Upon investigation, the GetHBitmap() function says that you must call the native GDI "DeleteObject()" Win32 API function to release the GDI handle. This function is not available in .NET and you must make a P/Invoke call to call it.
For the non-.NET'ers reading this, it's akin to making a native C call from Java or PHP. Totally non-intuitive.
It took us a few days to track it down. Once the fix was in place, everything worked great! :)
I strongly recommend reading Java Puzzlers. It's the whole book about gotchas. There is a sample chapter on the webpage.

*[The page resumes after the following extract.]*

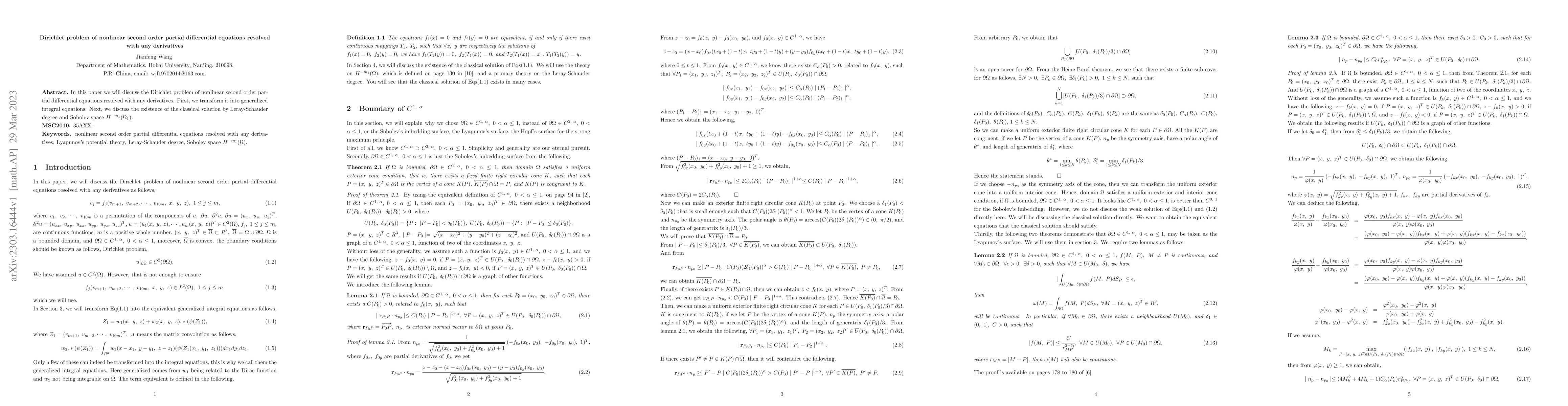 Summary: This paper tackles the Dirichlet problem for nonlinear second-order partial differential equations using any derivatives, transforming it into generalized integral equations. It then establishes the existence of classical solutions through Leray-Schauder degree and in the Sobolev space $H^{-m_{1}}(\Omega_{1})$.
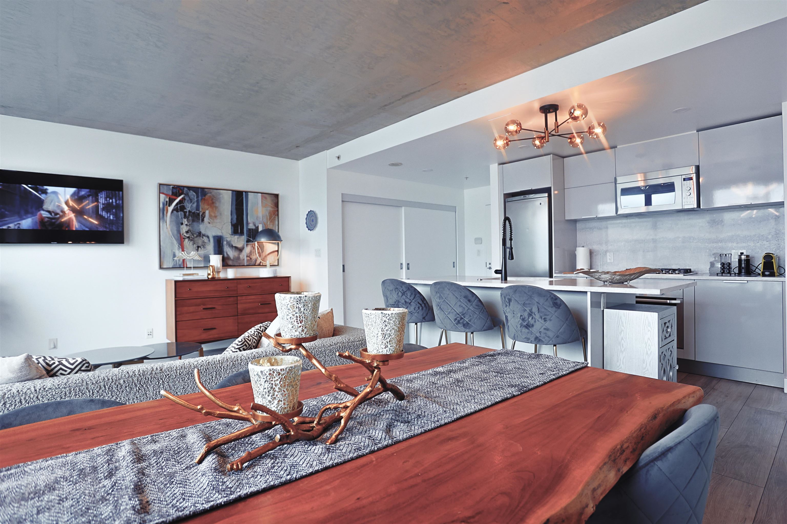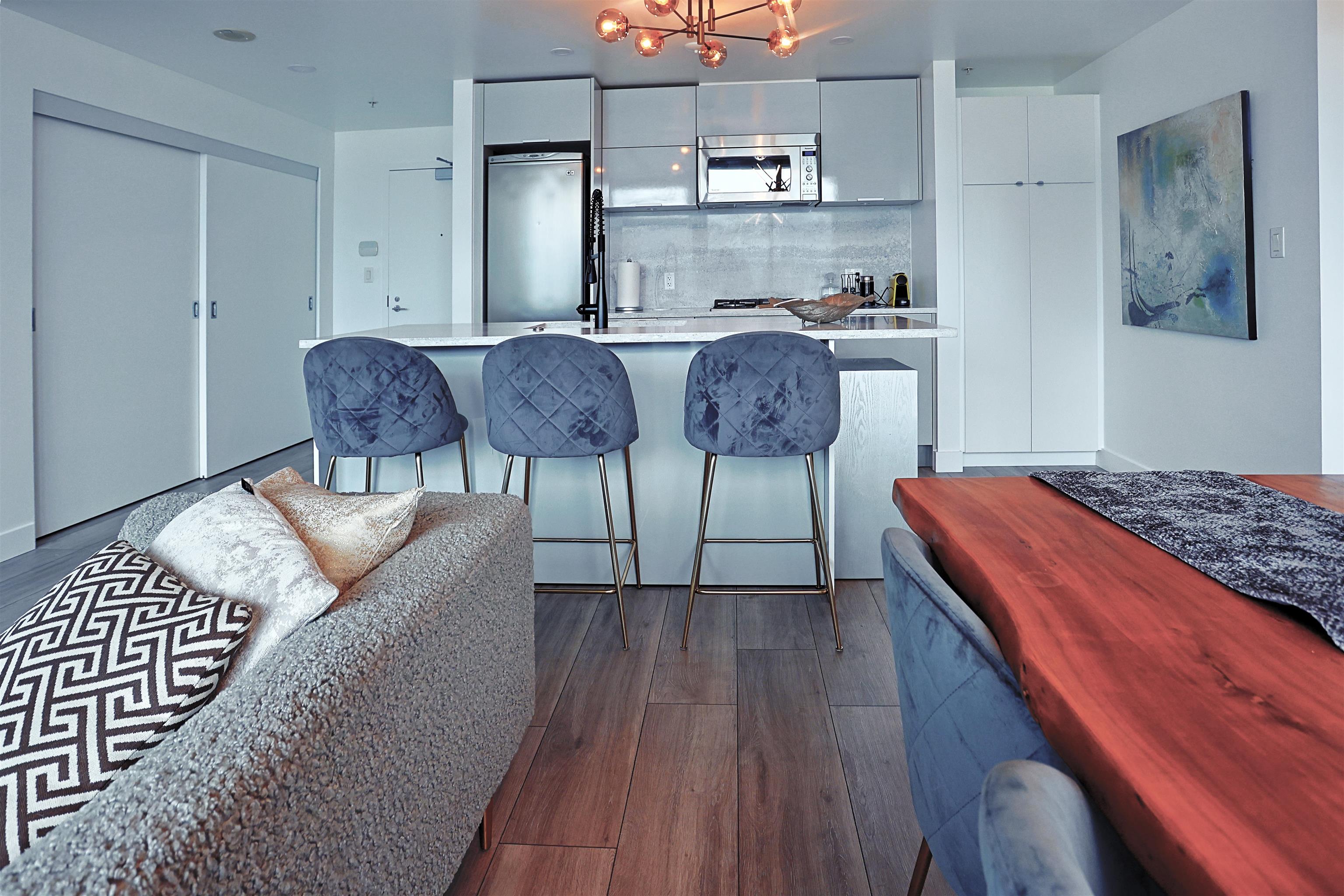 Discover unparalleled luxury in this exquisitely renovated Woodwards building apartment, offering breathtaking panoramic views. This 2-bed, 2-bath home, remodeled last year with over $100,000, showcases elegance with high-end finishes, stainless steel appliances, and a spa-like master bath. Enjoy rooftop amenities, including a lounge, fitness center, hot tub, and more. Located in vibrant Gastown, close to transit and dining, and now Airbnb-permitted, this property combines sophisticated living with signific...

The best ones are in C++, it lends itself to beatifull things like:
if(value=comparisson)
{
//do something with value and wonder
//why is it allways 100% equal to comparison
}
C# spoiled all the fun on that one. A little off topic, pointers give out cool things too, even two days ago I had to write this gorgeous piece of code:
level = (int)(*((double *)(void.Ptr())));
The Lisp-like parentheses are the result of paranoia after 30 minutes staring wide eyed at a screen when the simpler level = *(int *)void.Ptr(); was not working.
Casting. Especially in weak languages, casting can be one of the biggest gotchas. One of the worst casting situations I ran into (albeit quite rare) was when a string was being cast into a number, but only the first character was being cast into the number. So the string "31" became 3.
Auto-boxing in Java:
Integer n = 128;
Integer m = 128;
assert n <= m; // True
assert n >= m; // True
assert n == m; // False
Or anything involving Java's BigDecimals.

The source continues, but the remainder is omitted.